Sejuta Asa dari Sang 'TKI'



                  “Jika harus mengabdikan sebagian hidupku demi kebahagianmu, Nak! Saya akan memilih pilihan sesulit apapun…”
 
                Matanya nanar, mulutnya mengap-mengap menahan kantuk. Bulu kuduknya merinding, tak tahan dengan tusukan udara dingin pagi buta ini. Papan informasi bandara perihal kedatangan ibundanya jelas, pesawat dari Jakarta yang ditumpangi ibunda sudah posisi landing. Kedua kakaknya sudah mengambil posisi pas  di depan pintu kedatangan  penumpang pesawat. Meskipun tidur lelap ketiga bocah ini terusik hanya dengan sekali tepukanku, kakak sepupunya. Ketiganya sadar dan langsung berlompat. Subuh ini ibunda yang sepanjang tahun ini tak menemani hari-harinya, ibunda yang tak putus menasehati lewat suara di ujung telepon, ibunda yang tiap bulannya tak putus mengirimkan lembar-lembar rupiah untuk uang sekolahnya, tak lama lagi secara fisik akan mendekap tubuh kecil mereka.
                Sudah berapa puluh manusia keluar di pintu kedatangan, tetapi sosok mungil yang dinanti-nanti belumlah menunjukkan batang hidungnya. Si bungsu berumur lima tahun ini lagi-lagi menguap panjang. Ekor matanya melirik seorang anak kecil yang memeluk robot mainan, berjalan beriringan dalam pelukan ibu dan ayahnya. Entah apa dipikiran bocah lima tahun ini.  Sebagai kakak sepupu, saya miris melihat mimik polos bocah bernama Alfat ini. Ada keinginan yang sangat besar di sana. Tangan saya lantas meraih tangannya, menggenggam dan mengalihkan perhatiannya ke pintu kedatangan.
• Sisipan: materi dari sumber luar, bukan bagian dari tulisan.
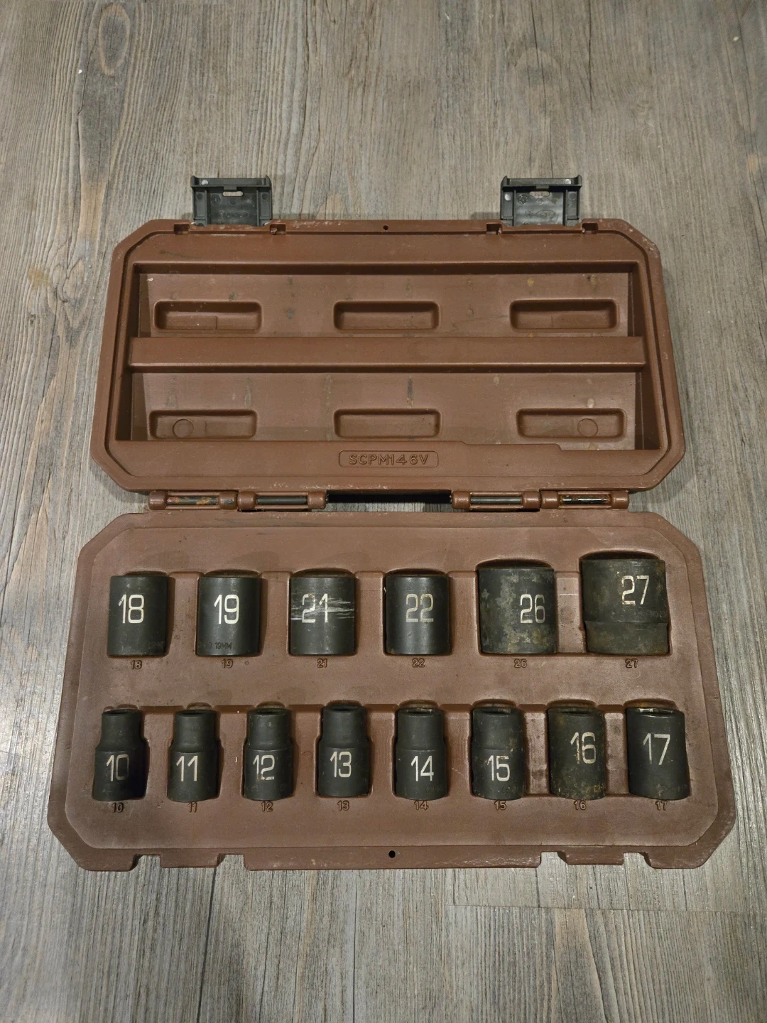 Matco Tools ADV 14-piece socket set in a brown/burgundy carrying case. Includes sockets ranging from 10mm to 27mm. It's a metric socket set. A handy set for mechanical work!

                Sepersekian detik, sosok yang dinanti akhirnya keluar. Rupanya kelebihan barang bagasi membuatnya harus menunggu lama semua barang bawaan. Ketiga bersaudara ini lantas berlari menghambur ke pelukan ibunya. Dengan penuh sukacita, sang ibu pun balik menciumi satu-satu ketiga buah hatinya dan memastikan kesehatan fisik sang anak yang lepas dari asuhannya. ‘’Ma, saya rengking satu di kelas,” si sulung dengan semangat melaporkan kegiatan akademiknya. Si tengah lantas menimpali, “saya sudah lancar baca Al-Qur’ an besar”, tak mau kalah. Sementara si bungsu, yang  berhati baik diam manja dalam pelukan sang ibu. Memeluk erat, meraba-raba wajah ibunya,  seolah berharap tidak ada lagi perpisahan.
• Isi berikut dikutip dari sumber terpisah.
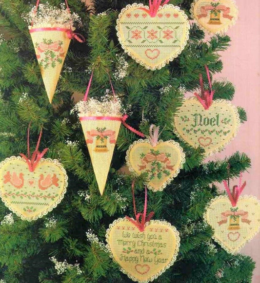 Vintage Cross Stitch Pattern Beaded Victorian Christmas Tree Ornaments PDF Instant Digital Download Perforated Paper Craft Hearts Cornucopia

                Menyaksikan adegan ini, air mata saya yang sedari tadi tergantung, luruh perlahan-lahan. Saya sadar betul, harga sebuah kerinduan itu sangatlah mahal. Rindu yang sepanjang tahun harus disimpan rapat-rapat sang ibu dan membungkusnya dengan sebuah ketegaran, rindu yang diangankan oleh bocah-bocah yang haus kasih sayang dan kelembutan penuh seorang ibu.               Semua bertumpah ruah di dini hari ini, 11 Januari 2013.
                Beliau adalah tante saya, adik keenam ayah. Olehnya, saya mendapat pelajaran hidup yang sangat inspiratif. Perjuangan seorang perempuan yang mengorbankan kebahagiaan hidupnya untuk ketiga buah hatinya. Saya tidak memilih ibu saya sendiri sebagai perempuan paling inspiratif, karena  beliau adalah malaikat sepanjang hidup saya di dunia. Membahasnya, tak cukup dengan ratusan karakter di atas tuts komputer.  Jadi saya memilih perempuan inspiratif itu ada dalam sosok tante saya ini, Tante Lalla.
                Tentunya ada konsekuensi logis ketika kita memutuskan menikah muda, hal inilah yang disadari betul oleh tante saya. Emosi yang masih meluap-luap, ekonomi yang belumlah stabil, perangai yang masih kekanak-kanakkan, dan kedewasaan sikap yang belum matang membuat rumah tangganya hancur berantakan. Ditinggal suami, adalah pukulan telak baginya dan tentu keluarga kami. Hal ini menjadi sangat prihatin, karena ketiga bocah yang masih balita harus menjadi korban perpisahan orang tuanya.  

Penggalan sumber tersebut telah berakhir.